KrisWorld is Singapore Airlines' in-flight entertainment system, introduced in 1997 on Boeing 747-400, Airbus A310-300, Airbus A340-300 and Boeing 777-200 aircraft. KrisFlyer overhauled Singapore Airlines' in-flight experience with a new, cheaper entertainment solution that would supersede the primitive Thales entertainment systems on offer at that time by Virgin Atlantic and the Emirates Google Doodle for its fifth anniversary.
The original KrisWorld introduced 14 movies, 36 television programmes, and 5 cartoons, as well as many Super NES games, KrisFone and fax, text news and flight path in all classes. The original KrisWorld was subsequently upgraded to feature Wisemen 3000, an audio and video-on-demand version of the KrisWorld system featured exclusively in First and Raffles Class cabins, then progressively introduced into Economy Class in 747 cabins and selected 777 cabins.
In 2002, Singapore Airlines introduced a re-branding of the KrisWorld system. Named Enhanced KrisWorld, it featured additional movies, television programming, music and games, and was installed on Boeing 747-400 and selected Boeing 777-200 aircraft. Connexion by Boeing, an in-flight Internet service, was introduced in 2005. Live television streaming was proposed on Connexion, but this service was discontinued in December 2006. Since October 2005, Singapore Airlines has offered complimentary language lessons by Berlitz. and, starting December 2005, live text-news feeds.
In 2007, a new KrisWorld based on Red Hat Enterprise Linux was introduced, featuring a new interface, additional programming and audio and video on demand as standard. Widescreen personal video systems were installed in all cabins, including 23-inch LCD monitors in First Class, 15-inch monitors in Business Class, and 10.6-inch monitors in Economy Class. The new KrisWorld is available on Airbus A330, Airbus A380 and Boeing 777-300ER. Features include,
- Widescreen LCD TV with 1280 × 768 resolution
- A range of movies, TV, music, games and interactive programs
- Built-in office software, based on the StarOffice Productivity Suite for use with the USB port
- In-seat AC power ports
A $400 million new KrisWorld entertainment system was unveiled in 2012. This comes from a major deal with Panasonic Avionics, which will provide the latest Panasonic eX3 systems. The eX3 system features a larger screen with much higher resolution, wide touch-screen controllers, new software, and, above all, in-flight connectivity. Singapore Airlines launched its in-flight connectivity in August 2012. Passengers are now able to make phone calls, send text messages and access the Internet for a fee. The new eX3 systems are unveiled alongside the new cabin product, and are available on the Airbus A350-900 and refitted B777-300ER aircraft. In-flight connectivity is offered on the aforementioned two aircraft as well as select Airbus A380s.
Frequent flyer programme
KrisFlyer is the frequent flyer programme for the Singapore Airlines Group, comprising Singapore Airlines and Scoot. Besides the airlines in the Singapore Airlines Group, KrisFlyer members can earn miles when flying with any Star Alliance airline, Star Alliance Connecting Partner, Alaska Airlines, JetBlue, Olympic Air, Virgin Atlantic, Virgin Australia and Vistara. Miles can also be earned with over 200 partners in the air and on the ground.
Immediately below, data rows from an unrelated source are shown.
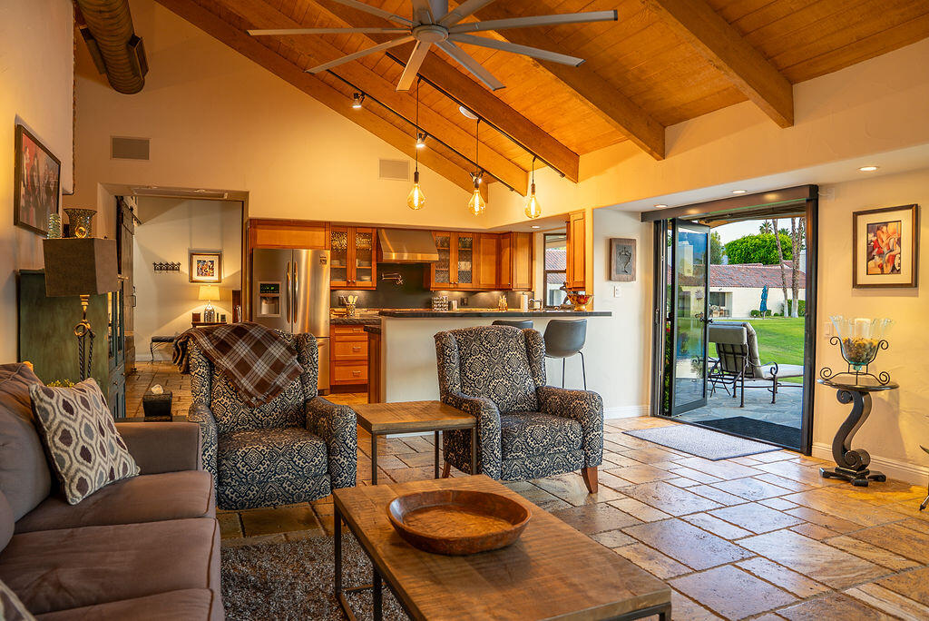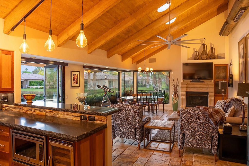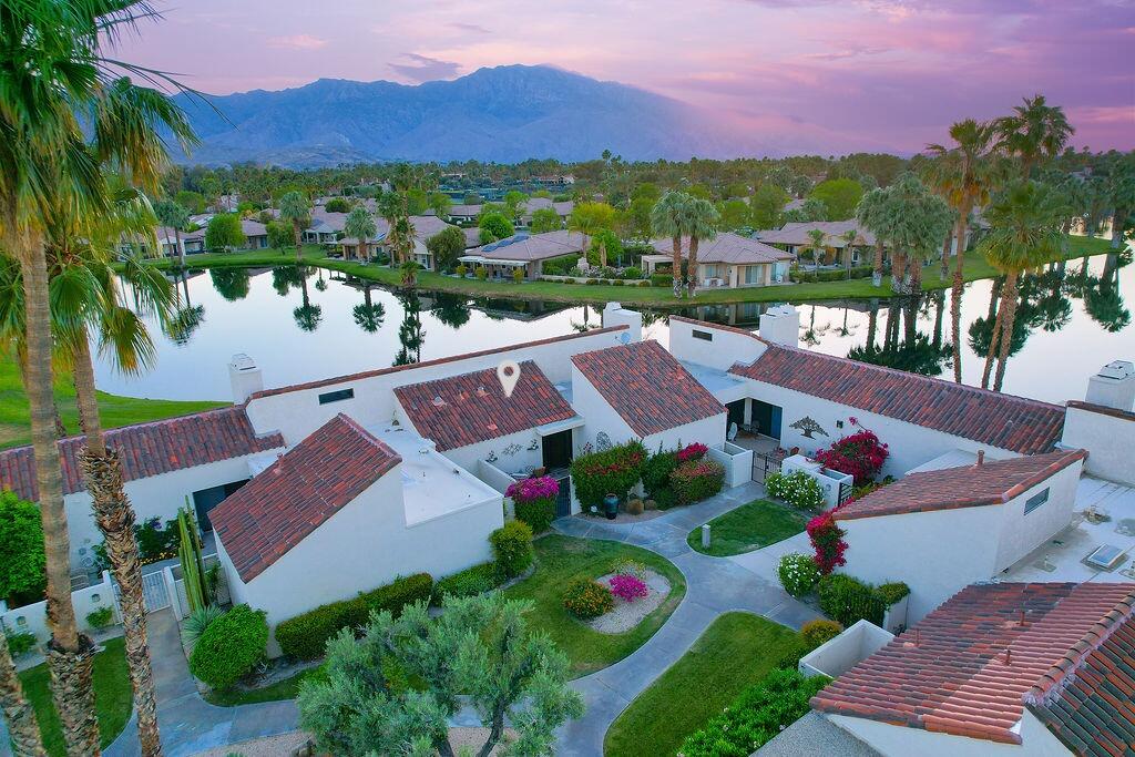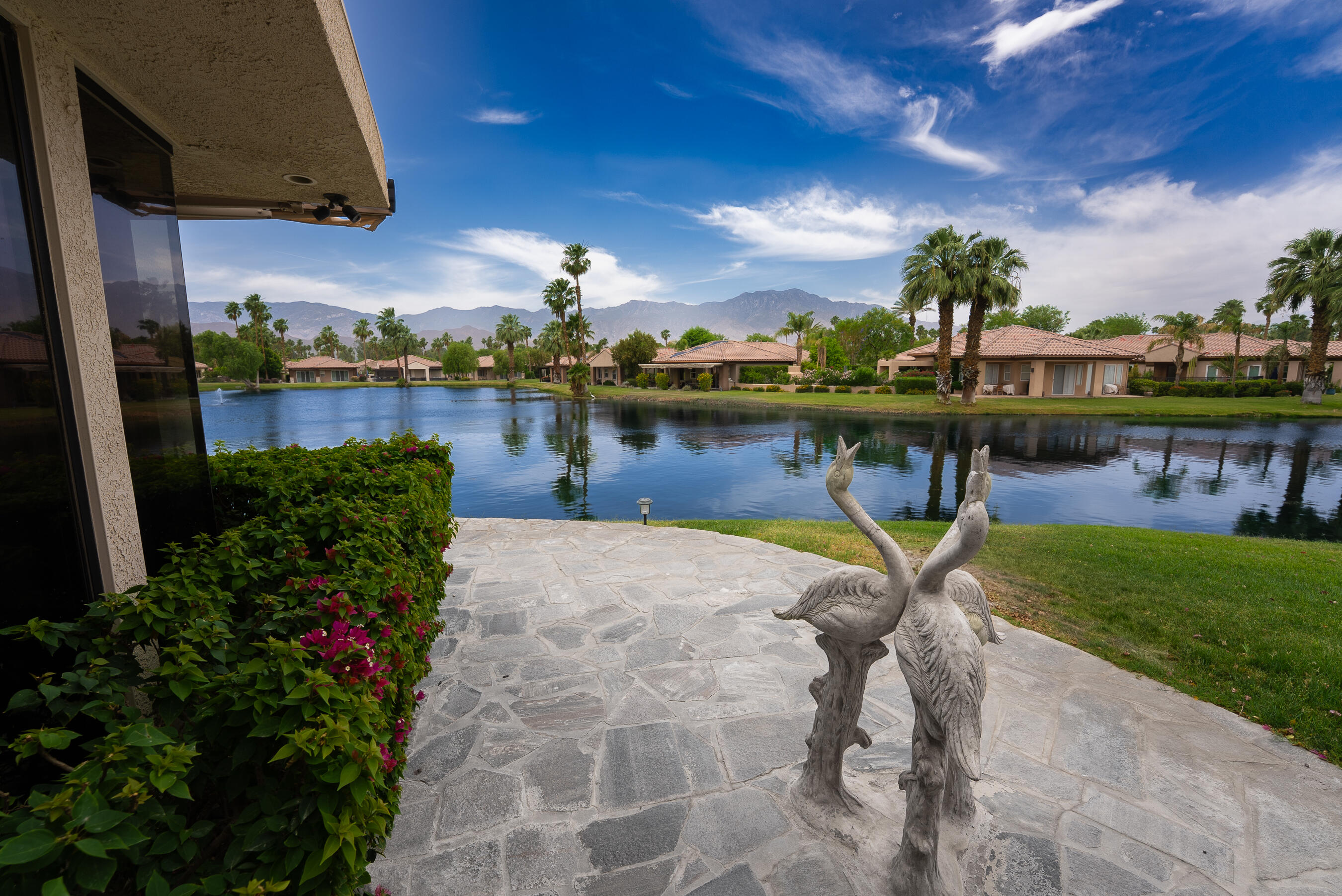 Step into this beautifully updated loft-style condo located in the heart of Mission Hills Country Club. Enjoy sweeping, unobstructed views of the Santa Rosa and San Jacinto Mountains from every room, along with the serene backdrop of a tranquil lake. The expansive wraparound patio is perfect for entertaining, featuring elegant natural stone finishes and a fully equipped Viking outdoor kitchen. Inside, you'll find a dramatic stone-accented entry, travertine stone flooring, gourmet kitchen with slab granite countertops, newer stainless-steel appliances, exposed ductwork, and soaring wood-beamed ceilings. This is a rare chance to own an architecturally distinct property that combines luxury, comfort, and jaw-dropping views.Interested in this Listing?
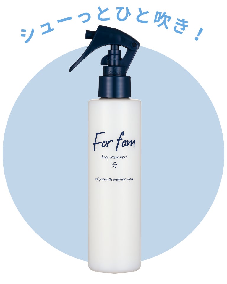 こどもから大人まで家族みんなで使えるFamily cosmeブランド「For fam(フォーファム)」から春夏の肌トラブル※1にアプローチするクリームinボディミストが新登場!
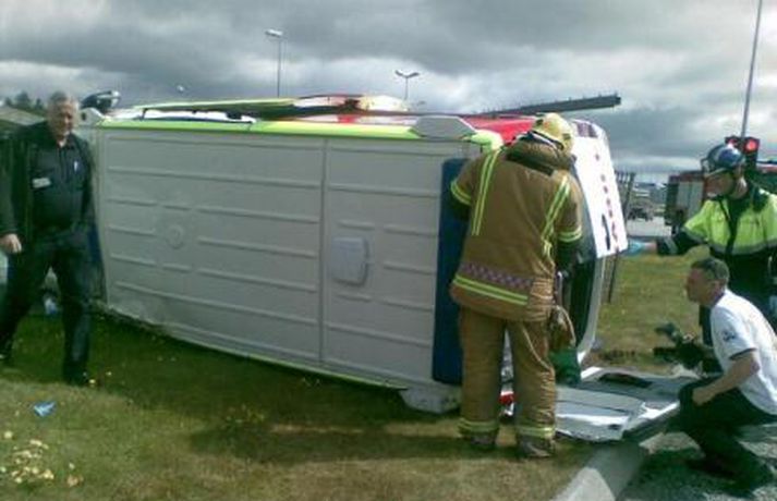Sjúkrabifreið valt við umferðamiðstöðina - myndir 14. júlí 2009 13:44 Ekið var á sjúkrabifreið á mótum Njarðargötu og Hringbrautar fyrir nokkrum mínútum með þeim afleiðingum að hún valt. Sjúkrabifreiðin var á leið í útkall í vesturbænum þegar bifreið ók inn í hliðina á honum. Sjúkraflutningamönnunum varð ekki meint af en flytja þurfti ökumann hinnar bifreiðarinnar á slysadeild til aðhlynningar.Sjúkrabifreið á hlið.Sjúkrabifreið á hlið.Sjúkrabifreið á hlið Mest lesið Vanhelgunin ýmist skemmdarverk eða persónuleg árás Innlent Árið gert upp í Kryddsíld 2025 Innlent „Margir sem því miður eru ekki jafn heppnir og ég“ Innlent Segir myndbandsupptöku af því þegar skórnir voru teknir Innlent Dótturdóttir JFK er látin Erlent Tveir með alvarlega áverka eftir hnífstunguárás Innlent Kamilla Bretadrottning greinir frá kynferðisofbeldi Erlent Grunaður um stórfellda líkamsárás og frelsissviptingu Innlent Eitthvað í íslensku samfélagi fjandsamlegt börnunum okkar Innlent Enn fleirum sagt upp hjá Árvakri Innlent Fleiri fréttir Eitthvað í íslensku samfélagi fjandsamlegt börnunum okkar Simmi vinsælasti leynigesturinn „Þetta er Íslandsmet, Íslandsmet í svikum“ Tal um Ingu eftir kosningar ekki til sóma Gummi lögga er maður ársins 2025 Árangur breyti ekki alltaf upplifun fólks „Viðreisn jafnvel erfiðari viðfangs en Flokkur fólksins“ Vara við hættu á sinubruna Haldlögðu metmagn af fíkniefnum á árinu Vanhelgunin ýmist skemmdarverk eða persónuleg árás Árið gert upp í Kryddsíld 2025 Hafþór Freyr maður ársins að mati lesenda Vísis og hlustenda Bylgjunnar Segir myndbandsupptöku af því þegar skórnir voru teknir Tveir með alvarlega áverka eftir hnífstunguárás Vonast til að rafmagn verði komið á seinni partinn Rúmur helmingur bjartsýnn fyrir 2026 Grunaður um stórfellda líkamsárás og frelsissviptingu „Við bara svolítið sitjum uppi með þetta“ Börn niður í leikskólaaldur um helmingur þeirra sem slasast „Margir sem því miður eru ekki jafn heppnir og ég“ Sátt við fyrsta árið og taka stöðuna vegna forfalla ráðherra á næstu dögum Tíu létust í umferðinni á árinu og alvarlegustu slysunum fækkar ekki Árangur aðgerða ekki staðist væntingar almennings Enn fleirum sagt upp hjá Árvakri Ríkisstjórnin sek um ósanngjarna mismunun Vonbrigði í menntamálum og áramótasprengja Hafa áhyggjur af frelsissviptingu barna í brottfararstöð Kristrún ræðir við Pétur um borgarstjórnarframboð Níu ráðherrar funda með Höllu Söfnun fyrir Kjartan gengur vel Sjá meira
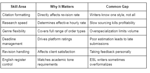 Citation fluency matters more than most newcomers expect. APA, MLA, Chicago, Harvard, Turabian. These are not interchangeable, and clients notice when they are mixed up or applied incorrectly. Writers who treat citation as an afterthought tend to generate revision requests, which eats into their effective hourly rate fast.
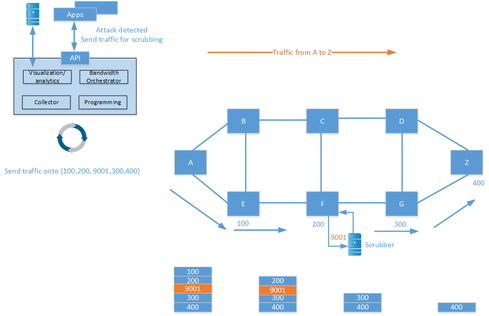 SR can also help protect against distributed denial of service (DDoS) attacks. When an attack is detected, traffic can be redirected to a scrubbing device which cleans the traffic and injects it into the network again.
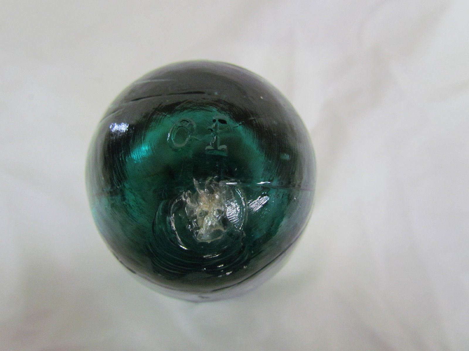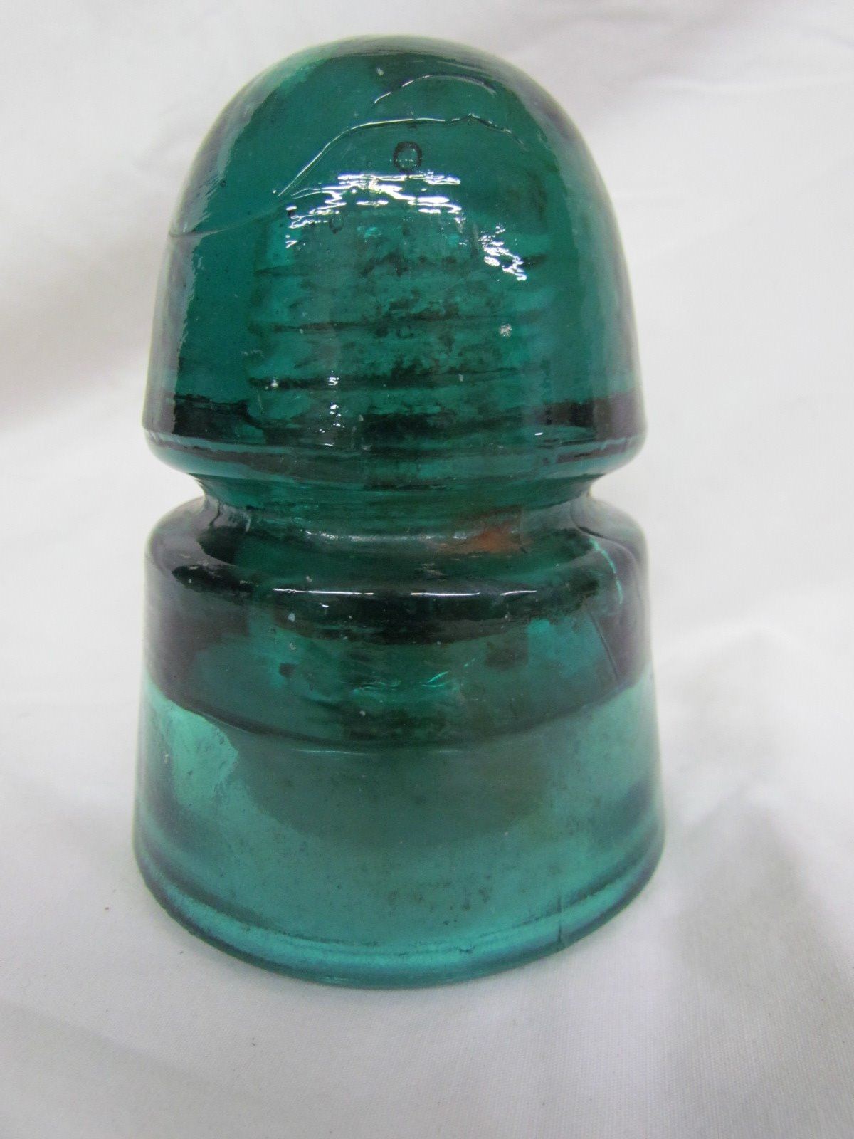 Green glass insulator 4" - crack on top

KrisFlyer miles can be redeemed for flights and upgrades when flying with the Singapore Airlines Group and selected partner airlines, as well as converting them to points with selected partner loyalty programmes. Miles can also be mixed with cash to pay for award tickets and flight upgrades on the Singapore Airlines website, as well as purchases made from KrisShop.
- KrisFlyer – The basic level at which one starts earning miles,
- KrisFlyer Elite Silver – The airline's rendition of Star Alliance's Silver tier of passengers,
- KrisFlyer Elite Gold – The airline's rendition of Star Alliance's Gold tier of passengers,
- Priority Passenger Service (PPS) Club – Provides Star Alliance Gold privileges on Singapore Airlines, Star Alliance members and partner airlines, as well as further privileges on Singapore Airlines.
- Solitaire PPS Club - The top tier. Additional privileges on top of those accorded to PPS Club members.
- Chairman: Peter Seah Lim Huat (since January 2017)
- Chief Executive: Goh Choon Phong (since January 2011)
List of former chairmen
- J. Y. Pillay (1972–1996)
- Michael Fam Yue Onn (1997–2001)
- Koh Boon Hwee (2001–2005)
- Stephen Lee Ching Yen (2006–2016)
List of former chief executives
In February 2019, TechCrunch reported that the Singapore Airlines mobile app in the iOS App Store was using session-replay functionality to record users' activities and send the data to Israeli firm Glassbox without the users' informed consent, compromising users' privacy and contravening the rules of the iOS App Store.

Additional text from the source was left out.